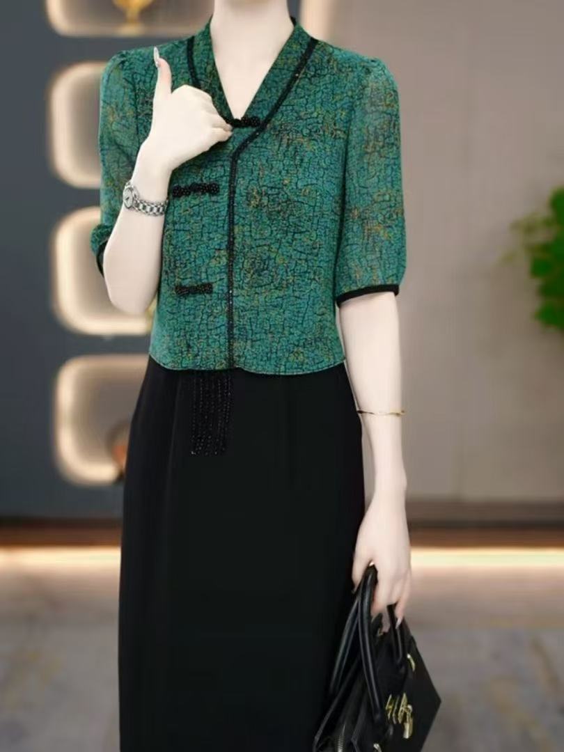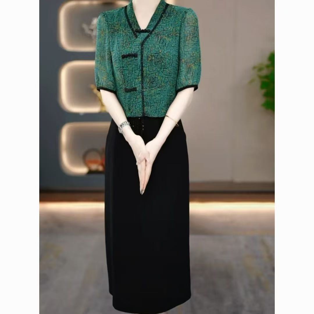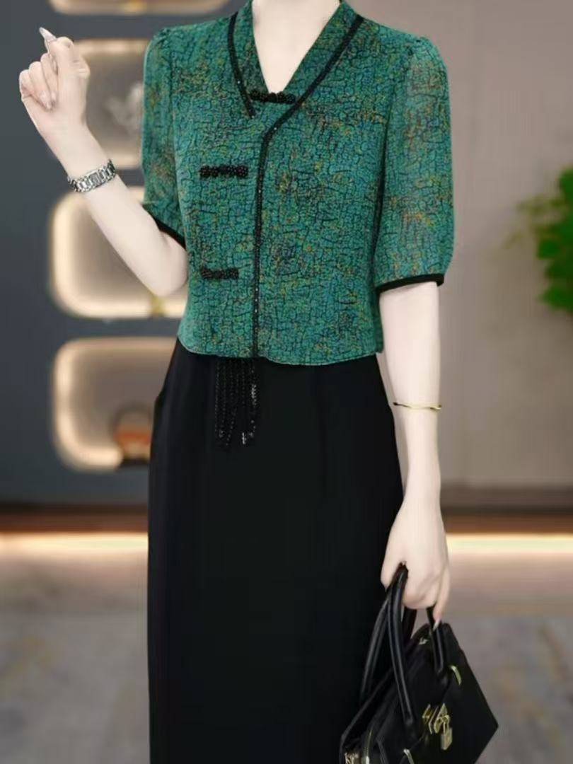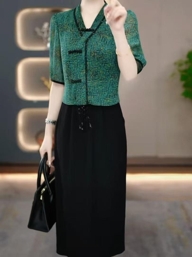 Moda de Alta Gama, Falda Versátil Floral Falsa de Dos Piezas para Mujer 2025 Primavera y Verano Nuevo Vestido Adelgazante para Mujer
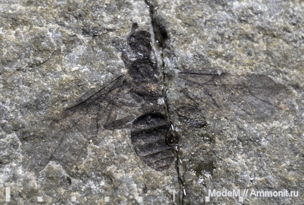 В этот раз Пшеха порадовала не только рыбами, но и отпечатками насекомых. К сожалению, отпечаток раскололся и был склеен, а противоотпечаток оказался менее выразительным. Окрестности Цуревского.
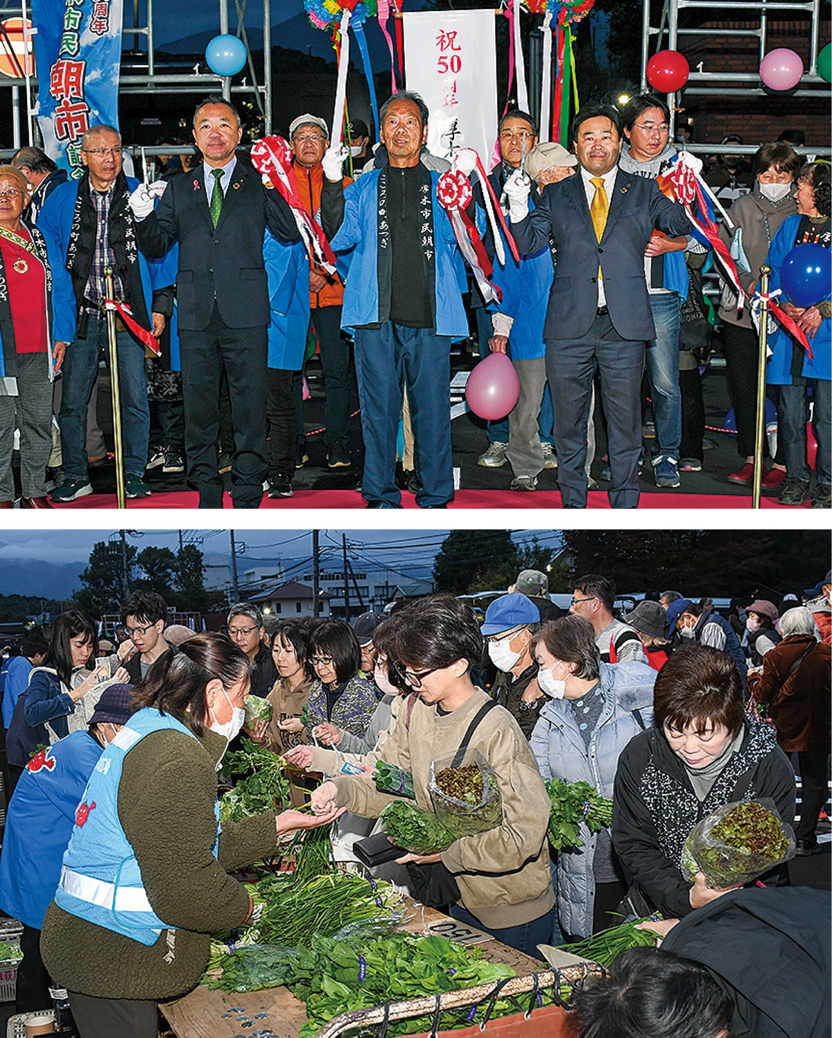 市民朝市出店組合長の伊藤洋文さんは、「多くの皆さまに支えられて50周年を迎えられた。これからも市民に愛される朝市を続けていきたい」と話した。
=-=-=-=-=
What is needed
Go through the material and set it down again exactly, but without any pictures.

Task answer
 Moda de Alta Gama, Falda Versátil Floral Falsa de Dos Piezas para Mujer 2025 Primavera y Verano Nuevo Vestido Adelgazante para Mujer
 В этот раз Пшеха порадовала не только рыбами, но и отпечатками насекомых. К сожалению, отпечаток раскололся и был склеен, а противоотпечаток оказался менее выразительным. Окрестности Цуревского.
 市民朝市出店組合長の伊藤洋文さんは、「多くの皆さまに支えられて50周年を迎えられた。これからも市民に愛される朝市を続けていきたい」と話した。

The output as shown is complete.